- Abbreviation: Pace
- President: Dorin-Silviu Petrea
- Secretary: Rodica Cușnir
- Founder: Nadia Cosmina Cerva
- Founded: 1 September 2025
- Registered: 3 September 2025
- Split from: SOS Romania Party of Young People
- Ideology: Civic nationalism (self-claim) Pro-Europeanism (self-claim)
- Senate: 7 / 134

= Peace – Romania First =

Peace – Romania First (Pace – Întâi România, Pace) is a parliamentary group in the Senate of Romania formed by a group of senators elected in the 2024 parliamentary election, having previously been members of SOS Romania or the Party of Young People. The corresponding group in the Chamber of Deputies is called United for Romania, and has its roots from the Independent Parliamentary Group (Grupul Parlamentar Independent). The group consists of both independent MPs and members of the National Union for Innovation and Tradition (Uniunea Națională pentru Inovație și Tradiție, UNIT), a newly established party.

== History ==
On 1 September 2025, Nadia Cosmina Cerva, the former leader of SOS Romania's Senate group, announced that the group's members had decided to rename it to Peace – Romania First. Furthermore, she announced that three additional senators had joined the group, one former member of SOS and two former members of the Party of Young People (POT). On the same day, former members of the two parties announced the formation of the Independent Parliamentary Group in the Chamber of Deputies.

On 2 September, MEP Diana Șoșoacă, the leader of SOS Romania, expelled all but one of the party's senators. In retaliation, the sole remaining senator, Dumitru Manea, was expelled from Peace – Romania First. Both Manea and Șoșoacă claimed that the group's creation and actions were illegal, however it was successfully registered during the plenary Senate meeting on 3 September.

Senator and 2019 presidential candidate Ninel Peia was elected chestor (quaestor) on behalf of the group.

On 25 October, the group, whose leadership had since been taken over by former Social Democratic prime minister Victor Ponta, now an independent MP, participated in an event organised by the Association of Turkish Businessmen in Romania. During this event, the group declared its intention to join the governing coalition, with the condition that the Save Romania Union (USR) be excluded. This came amid tensions between USR and prime minister Ilie Bolojan, with USR threatening to withdraw from the coalition. The declaration has drawn comparison between PACE and Gabriel Oprea's National Union for the Progress of Romania (UNPR), another party formed by dissidents from various other parties and which played a role in forming and changing parliamentary majorities.

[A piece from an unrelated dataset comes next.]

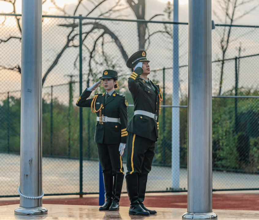 早上七点,升旗仪式正式开始,由2024级会计专硕退役大学生士兵计划学生侯嘉艺、王振钇、王海宁担任升旗手。随着国歌的奏响,鲜艳的五星红旗冉冉升起,全场师生向国旗行注目礼,齐声高唱国歌。

Shortly before the founding of Pace, Andrei Csillag, a former member of POT who went on to join the group in the Chamber of Deputies, announced the foundation of the National Union for Innovation and Tradition (UNIT). On 27 October, fellow group member Aurora Simu, also a former member of POT, announced that she had also joined the new party, which would have a total of five deputies and two senators. However, apart from Simu and Csillag, the identities of the others were not revealed.

On 26 November, Ninel Peia announced that the group would be submitting a motion of no confidence in the Bolojan cabinet on 5 December, with the intention of removing the Save Romania Union from government, and claimed that the motion had enough support to pass.

For the 2025 snap election for the mayor of Bucharest, Pace supported the candidacy of influencer Alexandru Zidaru, a former member of SOS Romania. Following Zidaru's withdrawal in favour of Anca Alexandrescu, Pace also endorsed Alexandrescu.

On 10 December, senator Paul Gheorghe joined the group.

== Political positions ==
The group claims it combines both sovereigntist and pro-European ideas, although its members come from strongly Eurosceptic, Russophile parties.

The group is allegedly close to MEP Claudiu Târziu, the former co-leader of the Alliance for the Union of Romanians (AUR), who could be using Pace to stage a political comeback.

The National Union for Innovation and Tradition, whose MPs are members of the group, describes itself as a pragmatic and syncretic political party, advocating for a balance between progress and tradition. The group as a whole also embraces these principles, alongside civic nationalism (as opposed to the ethnic nationalism of AUR, SOS, and POT), developmentalism, protectionism, and social solidarity.